I had to retire a POS Netgear unit(WNDR3400, in case anyone cares); because it simply ignored the 'Enable Wireless Protected Setup' option. I chose 'hell no'; because WPS is known faulty; it merrily continued offering WPS. Various other models, from more or less all the major home brands, have had instances of this with assorted potentially dangerous features(remote admin ports, uPNP, WPS, default credentials that can't be changed, etc.). Sometimes there simply isn't anything in the UI for controlling a given feature, sometimes the settings are ignored.

Unless the device is supported by a good 3rd party firmware, or you exploit the vulnerability to go in yourself and do some surgery, even 'doing the right thing' can sometimes be purely ceremonial.

Comment Re:No worries mate (Score 3, Interesting) 110

It's news not because of OS(I don't know if they bothered; but exploits at the 'just use the default password against the external telnet interface' level would work against basically any OS, and the only real obstacle to executing a payload with the functions described would be that some of the really nasty VXworks-based devices are so RAM-starved that they can barely do their job, much less run malware at the same time); but because the security of nearly all 'consumer', and a disturbing number of more expensive, embedded devices is still utter shit.

It is bad enough that such plastic-box devices typically are shipping software well behind the curve(2.6X kernels, http servers with vulnerabilities that were closed upstream months before the device in question was released, that sort of thing); but 'default configuration leaves telnet listening on the WAN port, with weak credentials for root login' goes well beyond 'bug' and right into 'We Just Don't Care' territory.
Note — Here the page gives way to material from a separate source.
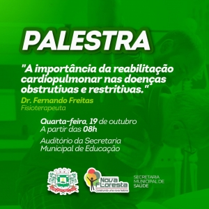 A Prefeitura de Nova Floresta, através da Secretaria Municipal de Saúde, promoverão nesta quarta-feira (19), uma palestra sobre a importância da reabilitação pulmonar em pacientes com sequelas da COVID-19, e outras doenças obstrutivas crônicas como; asma, bronquite, enfisema pulmonar, entre outras doenças. A palestra será ministrada pelo fisioterapeuta Dr. Fernando Freitas, especialista em pulmão. Toda população pode participar dessa importante palestra, que será no auditório da secretaria de educação, a partir das 08h da amanhã.
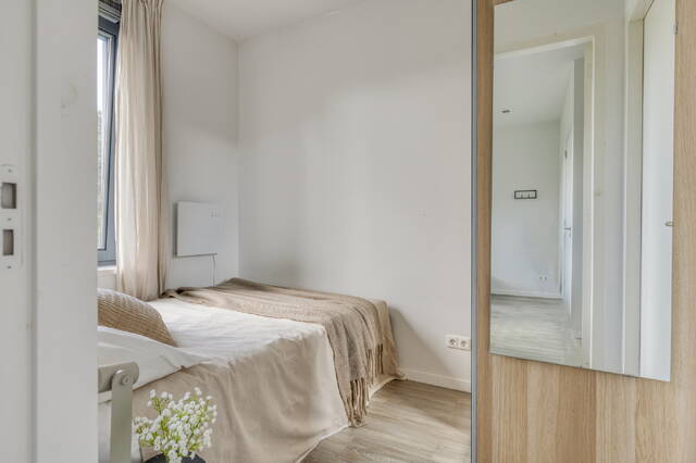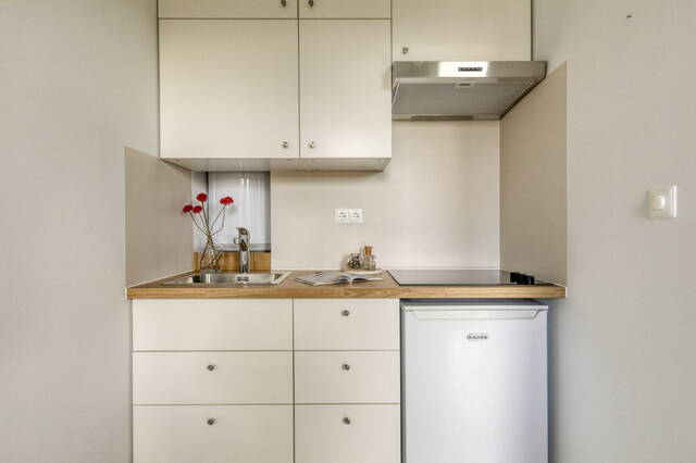 Bij binnenkomst valt meteen de lichte en open sfeer op. De studio is slim ingedeeld, waardoor de beschikbare ruimte optimaal wordt benut. De woonruimte heeft een prettig lichtinval en biedt toegang tot een Frans balkon, ideaal om de deuren open te zetten en een frisse bries binnen te laten.

Even better, the same damn story has been true for at least the past decade, probably longer(though its importance has increased as the cost has fallen and number of little embedded boxes lurking around has skyrocketed).

At least on the desktop and server, some of the worst insecure-by-default atrocities have been ironed out, so attackers are now moderately likely to need to use vaguely clever vulnerabilities(even if they can often get away with ones that were patched months ago) or social engineering; but embedded crap hasn't even reached that level of security.

The fact that telnet is even there(outside of 'recovery' scenarios, where the emergency nature of the situation and availability of only the most limited resources make super-simple protocols like telnet and TFTP valuable) when OpenSSH has been available for the last 15 years, and less liberally licensed versions a bit longer, is disgusting in itself. Having it on the WAN, much less by default, is just depraved.